Only 10 years younger than her new stepmother, she calls Xiaojun her “little mother sister”. Likewise she’s no pushover when it comes to man-management (she bullies her boyfriend and orders him around like a slave).

Time Weekly points out that Big Husband has tapped into a very real marital phenomenon in terms of the widening age gap between China’s married couples. That’s because divorces have been on the rise, and older men tend to marry younger women if they marry again. A survey in Nanjing found that 18.1% of wedded couples now have an age gap of 6-10 years and 4.6% had a gap exceeding 10 years. The figures from the 1990s were 7.9% and 0.47% respectively.

Similarly, a Shenzhen survey of 100 divorcees showed that 80% of men remarry, whereas just 5.4% of women do (a ratio that explains some of the dialogue in the movie Old Cinderella, see WiC230).

The average age gap between spouses is said to be rising by 0.6 years annually, as older men pick more youthful brides. Indeed, just look at the Red Star column this week, where speculation is rife about whether an online shopping tycoon is romantically involved with a girl 19 years younger than him.

Inevitably, whether such age gaps matter is one of the themes debated in Big Husband. Xiaojun’s father thinks they do, pointedly telling her she’ll have no one to keep her company when she is a senior citizen because her husband will be dead.
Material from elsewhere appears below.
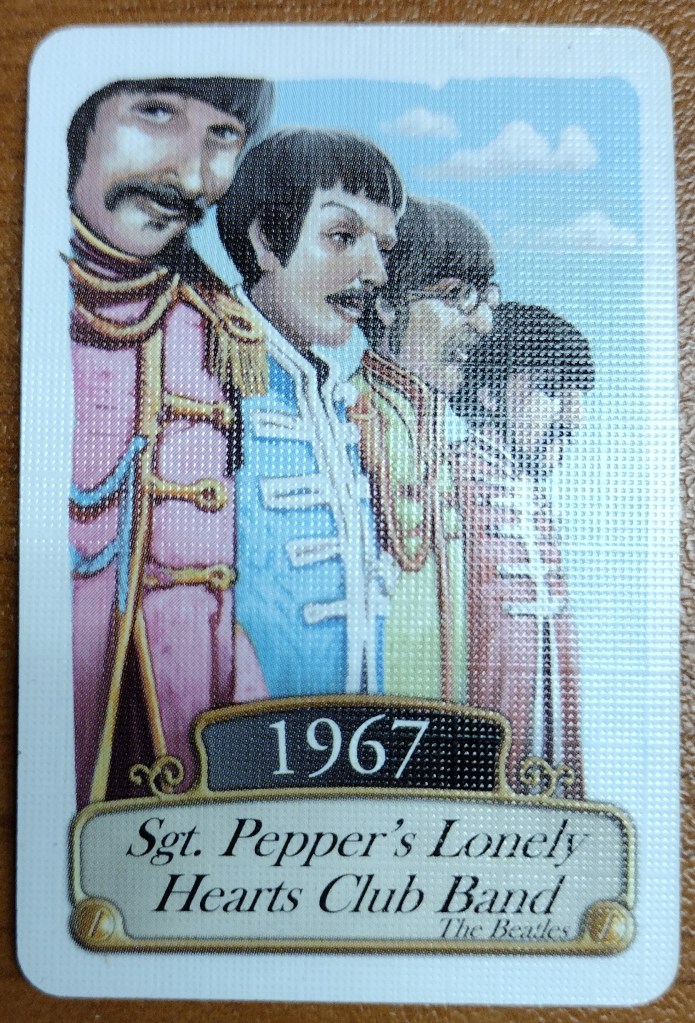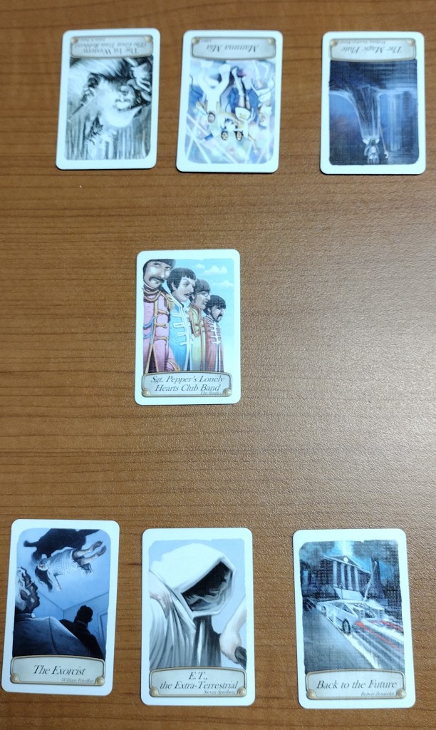 Timeline: Music and Cinema is a card game where you build a timeline with songs or films. One side of the card reveals the event or creation, while the other side, hidden from view, bears the year it graced the world. The stage is set with a single card placed in the center, its date revealed as the starting point of our journey through time. In my case, the starting card was St Pepper’s Lonely Hearts Club Band.

Netizens feedback on the show have been effusive. One fan said it is worth “watching again and again, to experience the emotion of the characters”, while another referred to its addictive quality (“I need to control myself to watch only one episode per day”).

That’s all good news for the producer of the series New Classics Media, which hopes to IPO in Shanghai this year. (Its other TV hits include Hot Momsee WiC211 – as well as Beijing Love Story, and Zhang Yimou’s film The Love of the Hawthorn Tree.) The studio has an estimated value of Rmb3 billion ($482.85 million).
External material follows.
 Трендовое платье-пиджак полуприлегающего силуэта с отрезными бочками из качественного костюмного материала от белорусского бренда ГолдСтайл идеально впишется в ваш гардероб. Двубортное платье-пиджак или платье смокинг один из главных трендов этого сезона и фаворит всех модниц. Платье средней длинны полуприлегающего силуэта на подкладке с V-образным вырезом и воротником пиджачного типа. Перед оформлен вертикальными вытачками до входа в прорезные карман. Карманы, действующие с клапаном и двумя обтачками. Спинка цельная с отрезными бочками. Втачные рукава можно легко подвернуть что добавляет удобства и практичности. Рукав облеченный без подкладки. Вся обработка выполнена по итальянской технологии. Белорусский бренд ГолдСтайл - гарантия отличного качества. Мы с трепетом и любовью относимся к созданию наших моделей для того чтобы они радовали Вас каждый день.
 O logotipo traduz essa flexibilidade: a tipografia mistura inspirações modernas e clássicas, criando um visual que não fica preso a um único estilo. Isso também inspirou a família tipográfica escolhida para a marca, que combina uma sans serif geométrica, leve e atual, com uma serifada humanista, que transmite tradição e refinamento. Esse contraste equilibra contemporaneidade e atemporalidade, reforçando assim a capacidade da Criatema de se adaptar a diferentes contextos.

Nor is it any surprise that fans are begging for more. They might get it too, given the way the last episode ends. It sees Ouyang pushing for a divorce because he doesn’t think the age gap problem can be fixed. But when the couple reach the government’s divorce office, Xiaojun refuses to play ball, quoting the writer Lu Xun: “Only the true warrior dares to face the bleak life”. Then she tells him she’s pregnant; at which point he says he has been a coward and kneels down to win her forgiveness. They go home together as man and wife – which surely means that a second season of Big Husband will soon be on its way.